Scientific classification
- Kingdom: Plantae
- Clade: Tracheophytes
- Clade: Gymnospermae
- Division: Pinophyta
- Class: Pinopsida
- Order: Cupressales
- Family: Cupressaceae
- Genus: Juniperus
- Section: Juniperus sect. Sabina
- Species: J. seravschanica
- Binomial name: Juniperus seravschanica Kom.
- Synonyms: Juniperus polycarpos var. seravschanica (Kom.) Kitam. ; Juniperus macropoda Boiss. ;

= Juniperus seravschanica =

- Genus: Juniperus
- Species: seravschanica
- Authority: Kom.

Species of conifer

Juniperus seravschanica is a species of juniper. Common names include Pashtun juniper (اوبښته ōbəx̌ta, "[a species] which sucks water"; Pashto: پښتني صنوبر).

It ranges from southernmost Kazakhstan through Kyrgyzstan, Tajikistan, eastern Uzbekistan and Turkmenistan, to northern and eastern Afghanistan, northern Pakistan, and Kashmir. Outlying populations are found in the mountains of southeastern Iran – near Kuhbanan, Rabor, and on Kuh-e Khabr in the Hazaran range – and the Hajar Mountains of Oman.

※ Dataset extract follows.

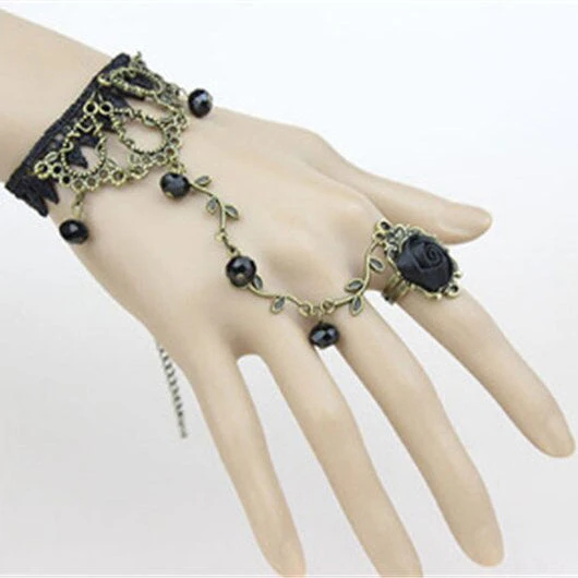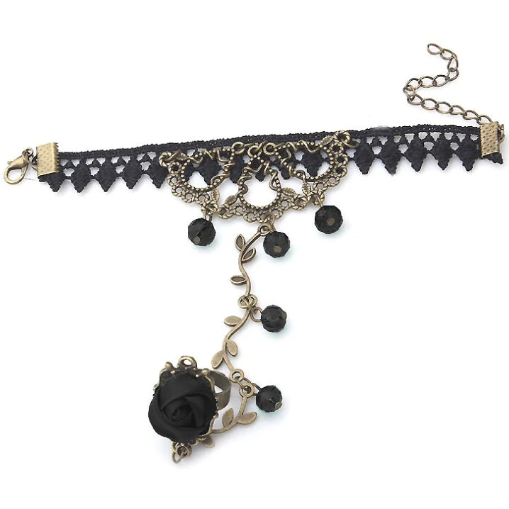 Beautiful Black Lace Gothic Bracelet featuring antique bronze teardrop loop connectors with black faceted beads. The bracelet has bronze tone leaf connectors leading to to a matching ring with black satin ribbon rose. Both the bracelet and ring are adjustable. Bracelet fastens with a lobster clasp at the wrist.

Juniperus seravschanica is sometimes classified as a subspecies of J. polycarpos or J. excelsa.

==Distribution==
Juniperus seravschanica occurs in the higher-elevation forests in Kazakhstan, Kyrgyzstan, Tajikistan and Uzbekistan, which the World Wildlife Fund calls the Gissaro-Alai open woodlands. In this general region Juniperus turkestanica, J. semiglobosa, maples (Acer spp.), almonds (Prunus amygdalus), and roses (Rosa spp.) also occur (although not necessarily in the same habitats). In eastern Afghanistan it also occurs in upper-montane woodlands of J. seravschanica which occur at elevations between 3,100 and 3,300 m, in the territory the WWF has delineated as East Afghan montane conifer forests, and in the open xeric woodlands at elevations of 1,500-2,000 m, further south in the Baluchistan xeric woodlands of southern Afghanistan and Pakistan's Balochistan Province.

A substantial but dwindling forest of J. seravschanica is found in Ziarat District and Kalat District of Pakistan, as well as Zarghun Ghar Zarghoon Mountains near Quetta and Harboi including some are found in Koh-i-Takatu and Koh-i-Murdaar adjacent to Quetta in northern and central Balochistan, and surrounding parts of southeastern Afghanistan. The largest compact block is the Ziarat Juniper Forest in Ziarat and surroundings on an approximate range of about 700000 acre.

The southernmost population of J. seravschanica is in the Hajar Mountains of Oman, where the junipers grow in the highest portions of the central range. The junipers form open woodlands at elevations of 2,100–3,000 m, sometimes co-dominant with Olea europaea.

==Conservation==
Overgrazing by camels, goats and feral donkeys has impeded regeneration of woodlands at altitudes below 2,400 m in Oman.